Today I saw this one posted:


The question was asked;  how many had learned to read using these books.
I smiled at the memory.

I believe these books were actually commonly used a little bit earlier than when I started school, however I went to Kindergarten in a little one room school house, situated way back in some canyons of the area of NE that I grew up in.
There may have been a total of 6 or 7 students, one teacher
and it probably did not have the "latest" and "greatest" in textbooks & supplies.
(Nor did it have indoor bathrooms!!)

(I'm really not THAT old.....It just happened to be the part of the country that we lived in!--smile!)

If I remember right it was also the last, or the next to the last year that county schools included 8th graders.
By the next school year, we had moved, and I believe the country school had closed.

Anyway, back to me being a Kindergartener, and Dick & Jane.
I was the only Kindergartner
The teacher brought out these little readers to teach me to read.
I looked at the book, thumbed thru the pages, looked up at the teacher and said:
"I could read this for yea's & yea's (I could not say my "R"s)

My mother had taught me to read back when I was 3 & 4, and I had already devoured all the Dr. Seuss books by that time.

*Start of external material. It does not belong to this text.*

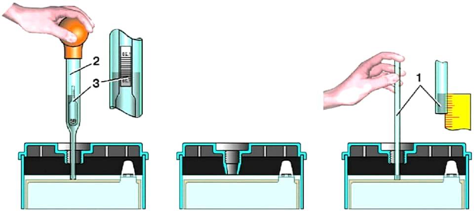Проверка плотности и уровня электролита в аккумуляторе

I really liked that teacher, and later when we moved & I went to town school, she was one of the teachers there, and always teased me about telling her I could read for yea(r)s & yea(r)s!

I guess that was the beginning of my love affair with books. In grade school I quickly went thru every book available in the school's tiny library.  I've often wondered if I would have started learning math when I was 3 & 4 if I would have been good at it!

The books have been out of print for many years but  6 years ago when our youngest was ready to start public school, she was worried about not being able to read and decided she needed to learn before she went to school.  I found a reprint--a big book "Treasury of Dick & Jane" combining all the early readers, and bought it.
She spent hours laying on the floor with the book in front of her.  With very little help, she taught herself to read.
Out of my 12 kids, although they have all been good readers and like to read, she's probably been the one who has devoured the most books, and read more advanced for her age the earliest.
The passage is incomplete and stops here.